3 Simple Rules to Organize Meals For a Leaner Body
Diet February 22, 2024 Damon Mitchell
Fine, we won’t talk about calories… much.
Let’s assume you’ve figured your perfect calorie intake for your goals. Not only that, but you have a perfect relationship with your food, knowing exactly how much you can eat of any one thing to stay within your ranges.
Great. I would patent your system and pen a book as soon as possible. You’re going to rich beyond your wildest dreams.
But, back to reality… It helps most people to restructure how we prioritize nutrients.
People with admirable healthy lifestyles, excusing the genetic freaks who can eat anything, prioritize their macronutrients with almost every meal.

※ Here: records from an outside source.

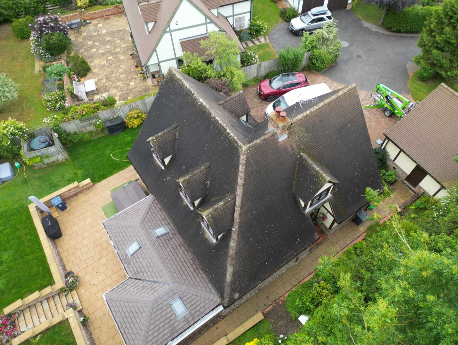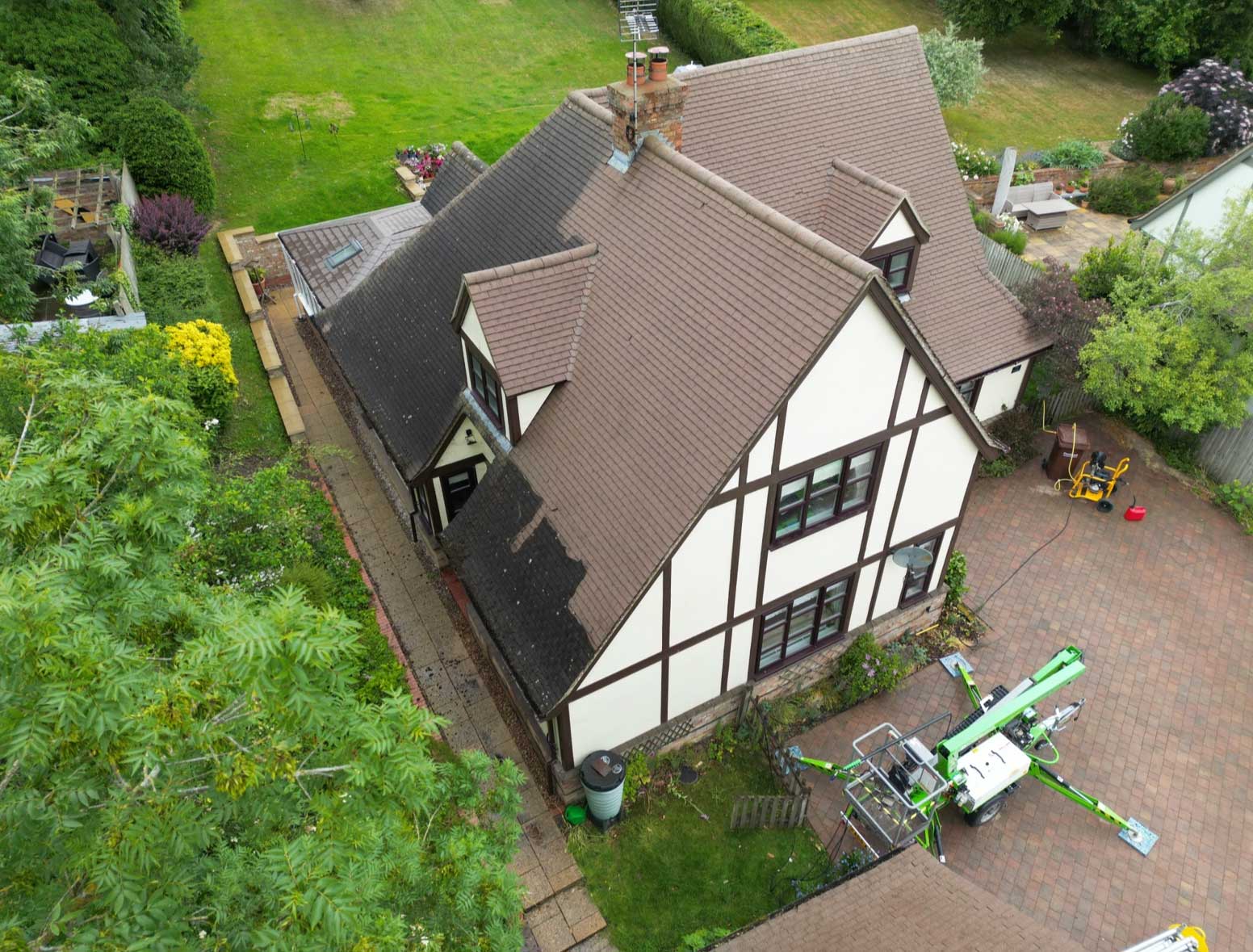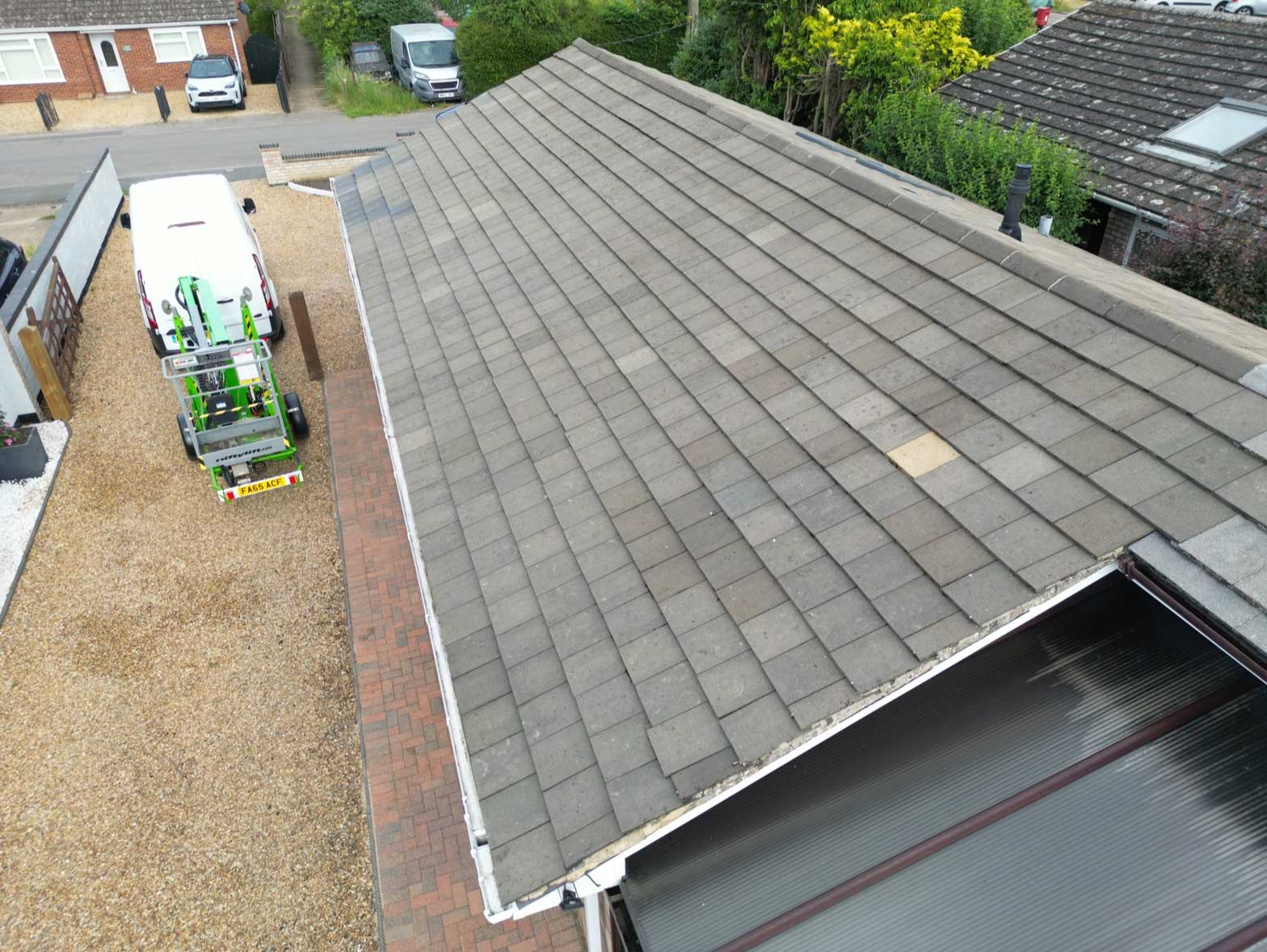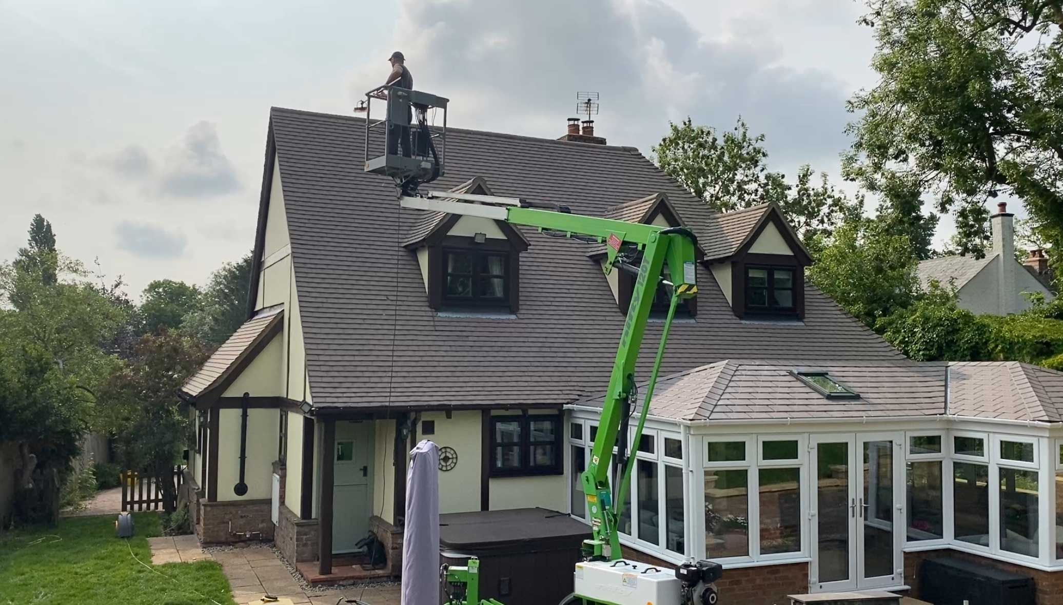 We use tower scaffolding or cherry pickers to safely access the roof — we never walk on tiles, ensuring your roof remains intact and undamaged.
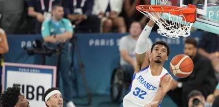 The two teams are prepared. French players: Batum, Cordinier, Wembanyama, Yabusele and Ntilikina.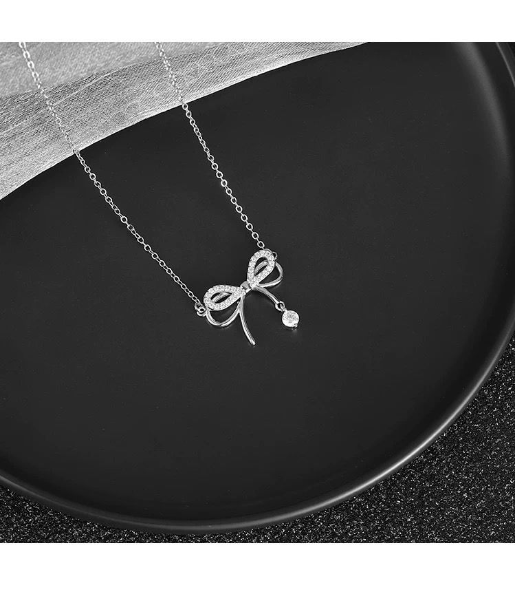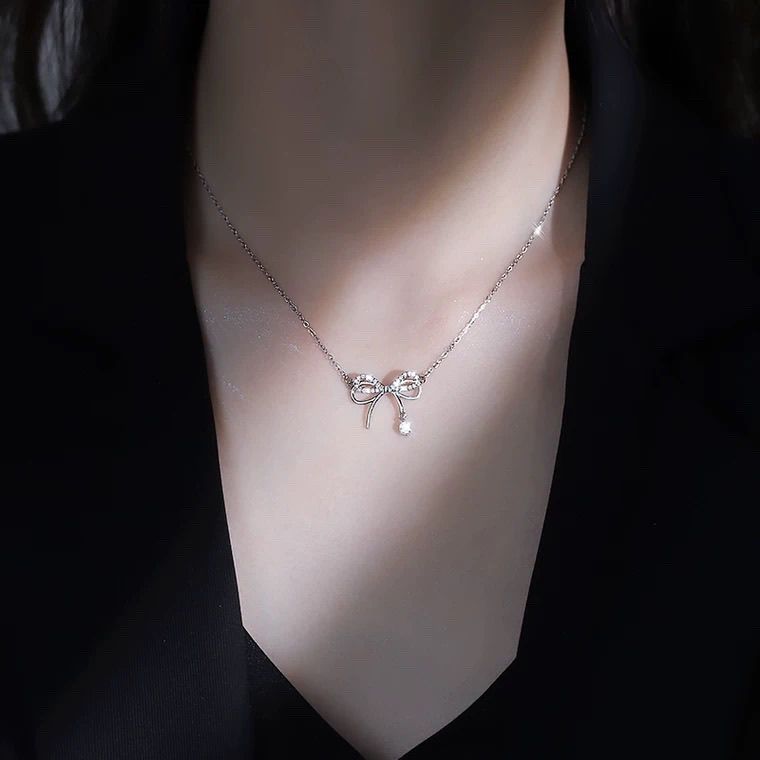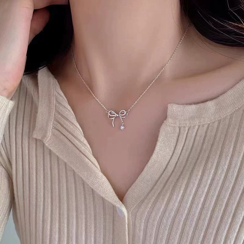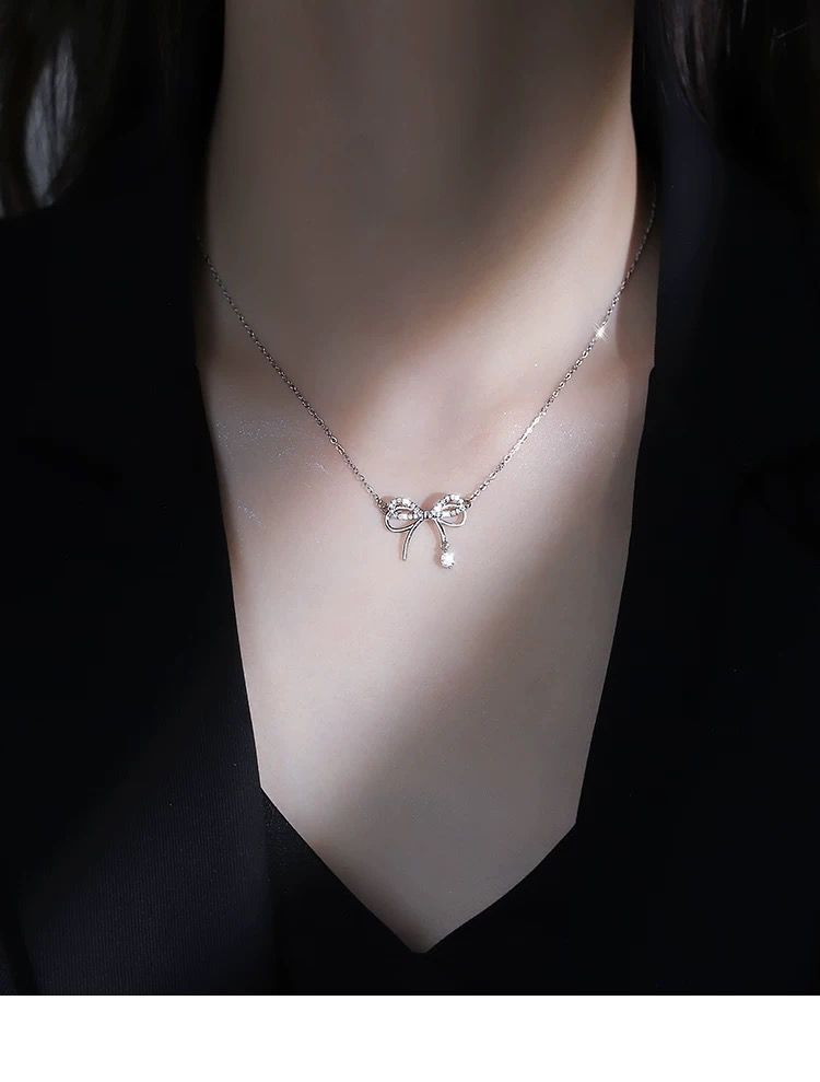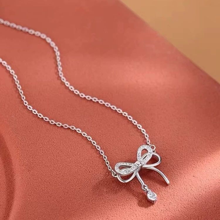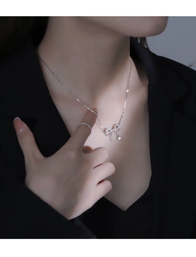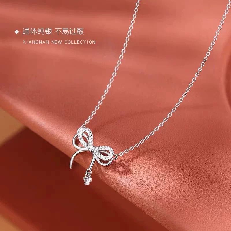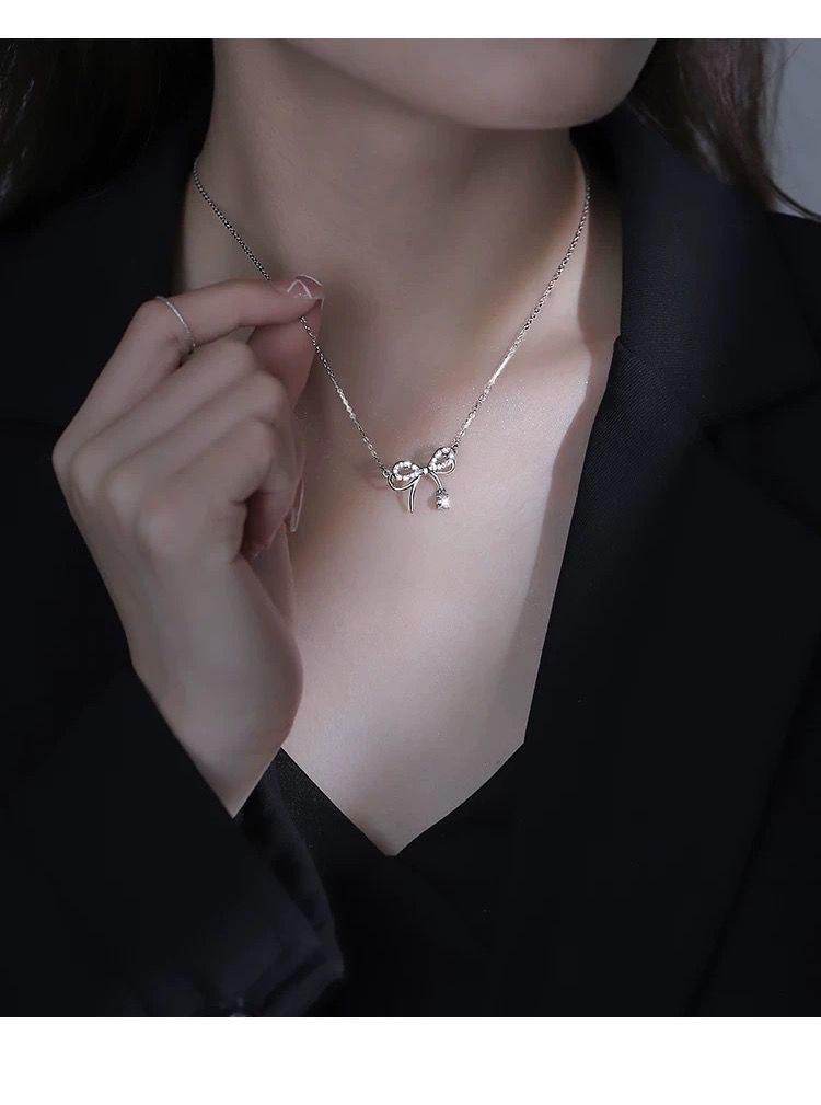 925纯银蝴蝶结项链女夏ins小众设计潮轻奢时尚锁骨链吊坠送女友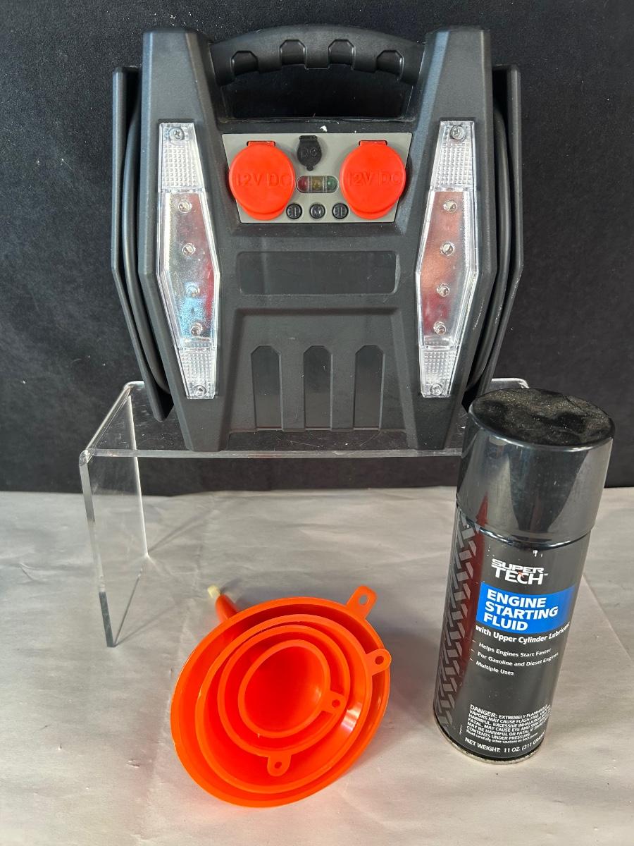 Lot 95. Car Starter, Starting Fluid, New Funnels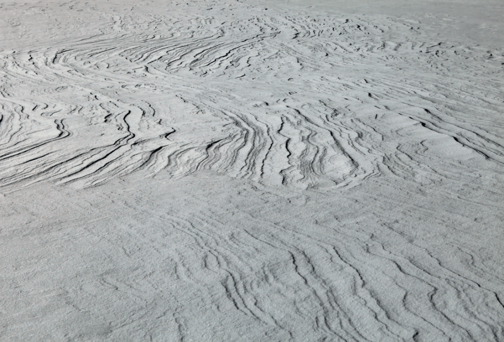 Vanessa Gandar prend la route dans son van et prend les sentiers à pied pour capter des moments singuliers. Elle est à la recherche d’une forme d’équilibre, d’un moment suspendu entre un état et une transformation de ce dernier. Elle travaille le plus souvent à l’argentique dans des conditions climatiques extrêmes. Ceci explique en partie la rareté de ses images. Vanessa Gandar rend compte de lumières, de signes : des traces, des lignes sur les sols, à la surface des roches, dans la glace. Fascinée par les formes, la graphie des paysages, la géologie, la cartographie (scientifique et mentale) elle est guidée par le besoin de documenter d’autres langages (plus qu’humains), d’autres temporalités pour fabriquer un espace où la narration spéculative devient possible. Au-delà de la dimension contemplative, chaque image peut être envisagée comme l’amorce d’un récit.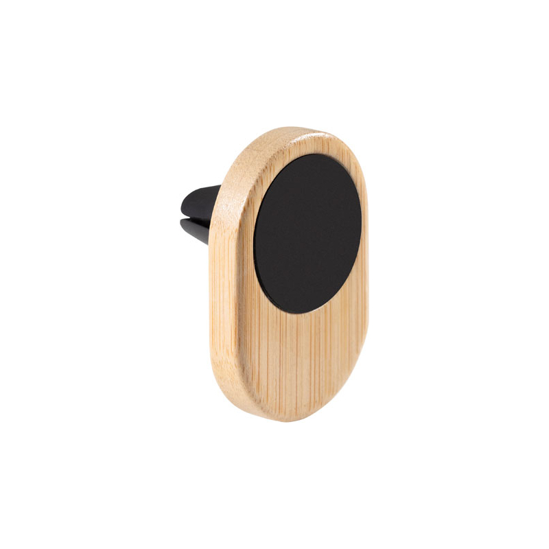 Porte-téléphone en bambou à montage magnétique pour bouche ventilation de voiture. Le bambou est un produit naturel, et présente de légères variations de couleur, de décoration et de tailles.

Most of the time, meals are built around the protein, packed in with veggies, especially roughage, then occasionally dressed with the dreaded-yummy carbohydrates.
Protein First
Protein comes first because it’s awesome. Of your macros, protein is one of the highest post-meal thermogenic stimulators. Not only does eating protein, animal or plant, ensure that your lean mass retains its volume, but eating protein also causes your body to burn fuel from digestion.
This is called the thermogenic effect of food, or TEF. It’s that warm-all-over feeling you get after eating. Since almost nobody wants to lose lean mass [read: muscle] protein must take center stage.
Go Crazy with Roughage
Your gastroenterologist will advise you to eat your roughage last. Reason being, roughage [read: green and leafy] is fibrous food, loaded with insoluble fibers. These are the fibers that keep everything flowing in the digestion department.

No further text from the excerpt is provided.